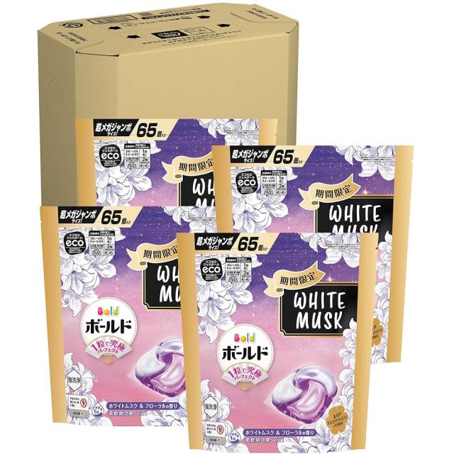 Bold ボールド 洗濯洗剤 ジェルボール 4in1 ホワイトムスク&フローラルの香り 詰め替え 65個×4袋 [ケース品]
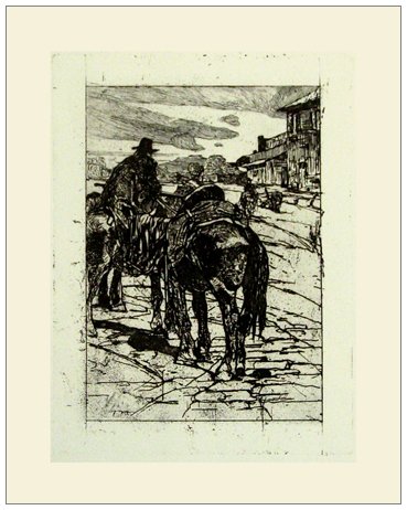 GIOVANNI FATTORI 1825 - 1908 Paesaggio con butteri Acquaforte su rame es.coevo impresso su carta pesante avorio filigranata in a. a d. “PM/Fabriano” con corona merlata sopra la scritta “Umbria/Italia”. (51,2 x 38,2 foglio - 16,2 x 11,5 inc.) Pubbl.: - “Giovanni Fattori. L’Opera Incisa” cat. a cura di A. Baboni e A. Malesci, Edizioni Over, Milano,1983, pp.174, 175, 512-513, tav.LXXV. - “Giovanni Fattori” cat. mostra a cura di Andrea Baboni e Giorgio Cortenova, Palazzo Forti, Verona - Museo Fattori, Livorno, 1999, Electa Editore, Milano, p.186, n.159.
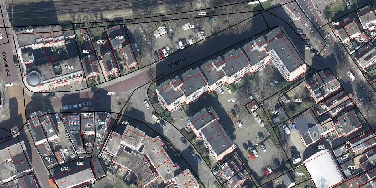 Het perceel waarop Brugweg 99 staat heeft een oppervlakte van 3838 m². Dit is een zeer groot perceel. De perceeloppervlakte wordt geregistreerd door het Kadaster. Gedetailleerde informatie over de maten van dit perceel kunt u vinden in het rapport Kadastrale kaart met maatvoering van Brugweg 99.
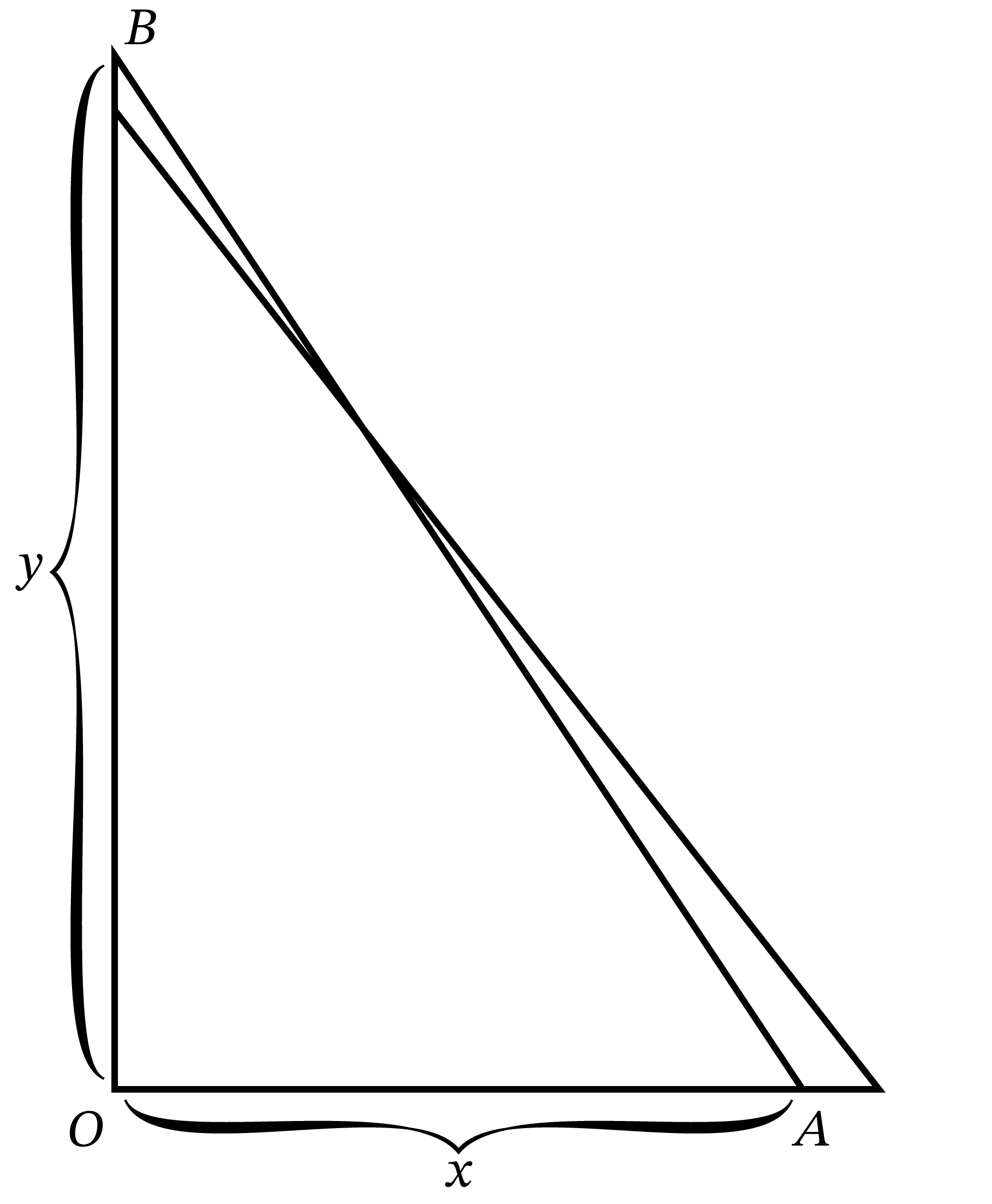 \(\text{(2)}\) 図 5 のように立てかけた梯子を考える。下端から壁までの距離を \(x\) として、梯子の長さは \(AB\) で固定されているとする。さらに \(y\) を梯子の高さとすれば、明らかに \(y\) は \(x\) に依存する。簡単に分かるように、下端 \(A\) を壁から遠ざかる方向に引っ張ると、上端 \(B\) は下に移動する。この様子を科学的な言葉で表してみよう。\(x\) を \(x + dx\) に増加させると、\(y\) は \(y - dy\) となる。つまり \(x\) が正の増加を受けると、その結果生じる \(y\) の増加は負となる。
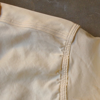 袖や袖ぐり、サイドのシーム部分、バックヨーク等に三本針縫製を使用しており、この縫製を施した繊細な生地に洗いをかける事によって生まれるギャザーがとても良い質感を与えます。

+ + + + +

### ASSIGNMENT:
Each line above should be returned exactly as it stands, minus any pictures.

### SOLUTION TO THIS EXERCISE:
 Bold ボールド 洗濯洗剤 ジェルボール 4in1 ホワイトムスク&フローラルの香り 詰め替え 65個×4袋 [ケース品]
 GIOVANNI FATTORI 1825 - 1908 Paesaggio con butteri Acquaforte su rame es.coevo impresso su carta pesante avorio filigranata in a. a d. “PM/Fabriano” con corona merlata sopra la scritta “Umbria/Italia”. (51,2 x 38,2 foglio - 16,2 x 11,5 inc.) Pubbl.: - “Giovanni Fattori. L’Opera Incisa” cat. a cura di A. Baboni e A. Malesci, Edizioni Over, Milano,1983, pp.174, 175, 512-513, tav.LXXV. - “Giovanni Fattori” cat. mostra a cura di Andrea Baboni e Giorgio Cortenova, Palazzo Forti, Verona - Museo Fattori, Livorno, 1999, Electa Editore, Milano, p.186, n.159.
 Het perceel waarop Brugweg 99 staat heeft een oppervlakte van 3838 m². Dit is een zeer groot perceel. De perceeloppervlakte wordt geregistreerd door het Kadaster. Gedetailleerde informatie over de maten van dit perceel kunt u vinden in het rapport Kadastrale kaart met maatvoering van Brugweg 99.
 \(\text{(2)}\) 図 5 のように立てかけた梯子を考える。下端から壁までの距離を \(x\) として、梯子の長さは \(AB\) で固定されているとする。さらに \(y\) を梯子の高さとすれば、明らかに \(y\) は \(x\) に依存する。簡単に分かるように、下端 \(A\) を壁から遠ざかる方向に引っ張ると、上端 \(B\) は下に移動する。この様子を科学的な言葉で表してみよう。\(x\) を \(x + dx\) に増加させると、\(y\) は \(y - dy\) となる。つまり \(x\) が正の増加を受けると、その結果生じる \(y\) の増加は負となる。
 袖や袖ぐり、サイドのシーム部分、バックヨーク等に三本針縫製を使用しており、この縫製を施した繊細な生地に洗いをかける事によって生まれるギャザーがとても良い質感を与えます。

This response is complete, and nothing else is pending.